SOOOO.....not sure he is really grasping the severity of the sitch, but hopefully we can find a solution.

This isn't a new phenomenon with Eric, since he was a baby, he will simply go on hunger strikes and refuse food (or milk in any format other than the one he wants.  At 6 months old, it was no bottle.  And now, at 2.5, it is no cup. (Notice he refused banana too)


This text message with our Amazon deliveries really sums up the 2 very different sides of Eric Dean: on one hand he is 2.5 years old and is already going through PreK workbooks for 4 year olds, but on the other he needs more baby bottles.

One last story about Eric because I feel like this one is just so "Classic Eric."  The other weekend we had a rare weekend with basically no plans.  It was much needed and so it led to lots of cuddles with Eric.  All weekend he had been particularly "lovey" with me, telling me how much he loved me, that I was his "favorite guurrl in the wowld" and basically being my little shadow.  But, that night since Matt was in town, he put Eric to bed.  Eric is never thrilled for Matt to put him down and there were lots of tears, but he settled in and Matt got him down.
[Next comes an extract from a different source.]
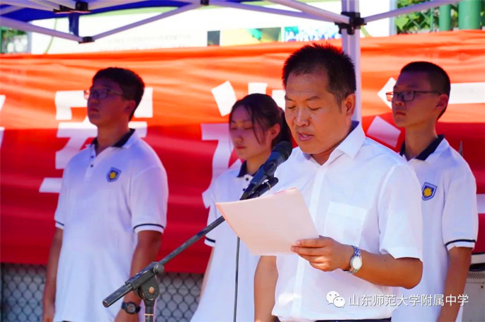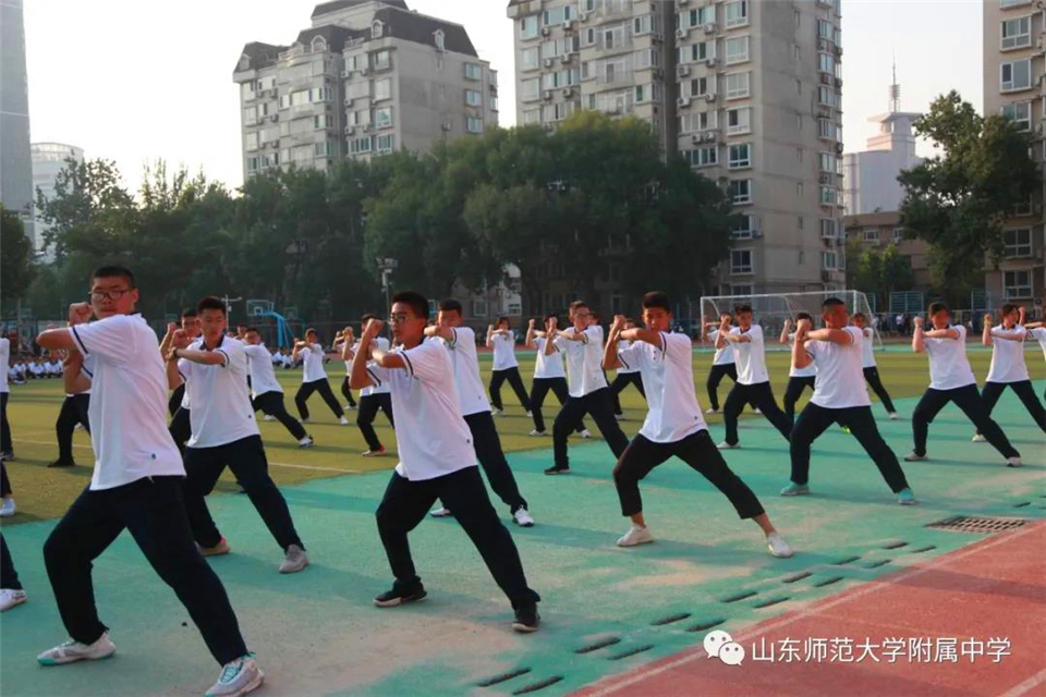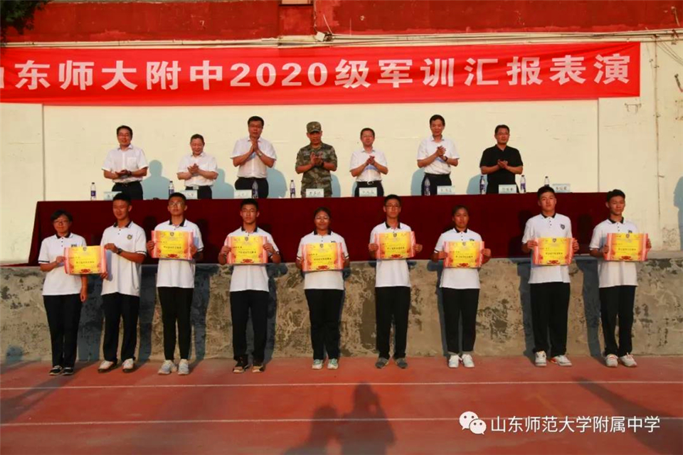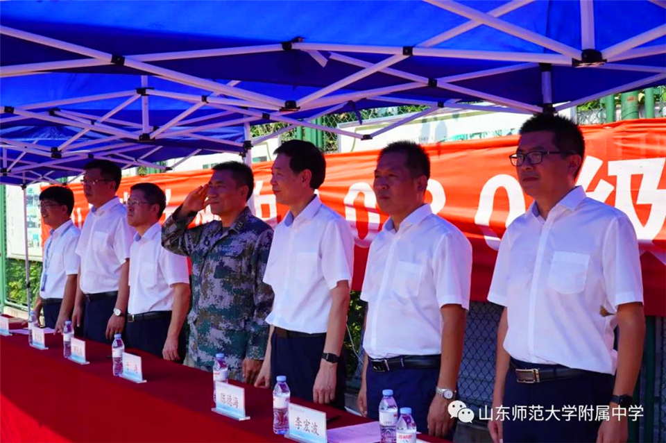 8月30日下午,天朗气清,惠风和畅,山东师大附中校本部和幸福柳分校分别隆重举行2020级新生军训汇演。历下区人武部部长苏圣泳,历城区人武部部长于涛,山东师大附中校长荆兆晶,党委书记孟宪喆,副校长陈德海,副校长、校本部执行校长刘从军,副校长、幸福柳分校执行校长杨仁勇,全体新生家长参加了两校区汇演活动。1602名新生组成的32个方队接受了学校领导和家长的检阅。

He woke up about an hour later, which never happens so I ran to check on him.  He told me that he had a bad dream: he and Olivia and DocMcStuffins were in his room playing with 2 puppies and a duck, when all of a sudden a big red truck came into his room and started honking the horn at them.  This story is so dear to me because nothing would make Eric happier than to be with Liv and DocMStuffins and 2 puppies and a duck.  And, nothing would scare Eric more than a big truck honking at him.  I cuddled him in the rocking chair for a bit and he the proceeded to tell me everything Matt did (and did not) do during bedtime.

There is nothing really about poor Matt in this update because he really hasn't been around.  I feel horrible for him and I know he's struggling with all the travel, but we are really done with the worst of it now and I think he will get a few weeks off from traveling.  Plus, they have hired a new employee at work that will hopefully alleviate some of the stress on him.  And, as for me, I have been working on a big case at work that had a huge filing due at the beginning of February.  After working several Fridays and an entire weekend, I planned a last minute spa day.  Seriously, I called Casey about a spa day the next day and she dropped everything, called around to find a spa with 2 massage openings for us, and drove downtown to spend the morning with me.  It was so good for my soul to be with her.  We just had the best day!